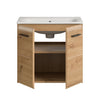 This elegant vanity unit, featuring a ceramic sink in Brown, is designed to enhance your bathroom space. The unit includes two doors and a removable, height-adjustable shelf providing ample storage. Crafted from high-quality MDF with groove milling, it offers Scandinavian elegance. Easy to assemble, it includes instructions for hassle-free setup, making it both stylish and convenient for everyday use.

...

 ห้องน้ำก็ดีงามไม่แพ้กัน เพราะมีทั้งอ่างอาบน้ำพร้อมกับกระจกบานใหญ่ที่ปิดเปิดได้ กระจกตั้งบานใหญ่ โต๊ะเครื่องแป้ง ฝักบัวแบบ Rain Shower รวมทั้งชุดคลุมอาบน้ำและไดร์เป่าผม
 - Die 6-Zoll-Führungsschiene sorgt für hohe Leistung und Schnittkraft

--

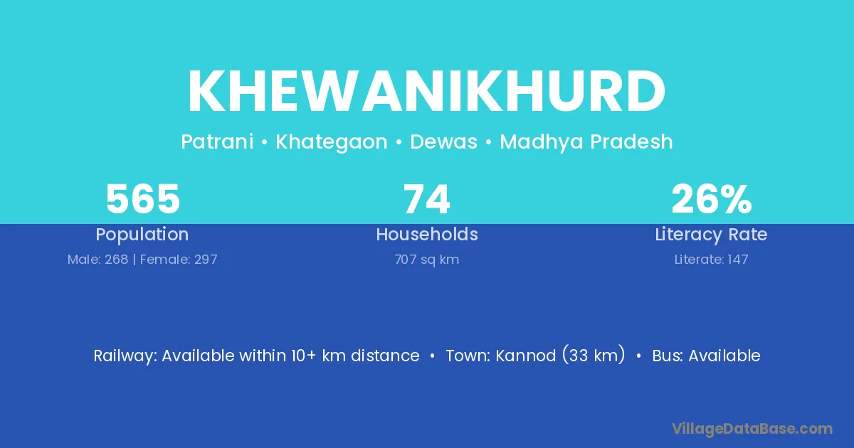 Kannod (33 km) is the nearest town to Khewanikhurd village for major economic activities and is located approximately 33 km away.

→ Exercise directions: Your answer should consist of the lines from the line with "Rain Shower รวมทั้งชุดคลุมอาบน้ำและไดร์เป่าผม" to the line with "- Die 6-Zoll-Führungsschiene" above, repeated exactly, both ends included.

→ Solution:
 ห้องน้ำก็ดีงามไม่แพ้กัน เพราะมีทั้งอ่างอาบน้ำพร้อมกับกระจกบานใหญ่ที่ปิดเปิดได้ กระจกตั้งบานใหญ่ โต๊ะเครื่องแป้ง ฝักบัวแบบ Rain Shower รวมทั้งชุดคลุมอาบน้ำและไดร์เป่าผม
 - Die 6-Zoll-Führungsschiene sorgt für hohe Leistung und Schnittkraft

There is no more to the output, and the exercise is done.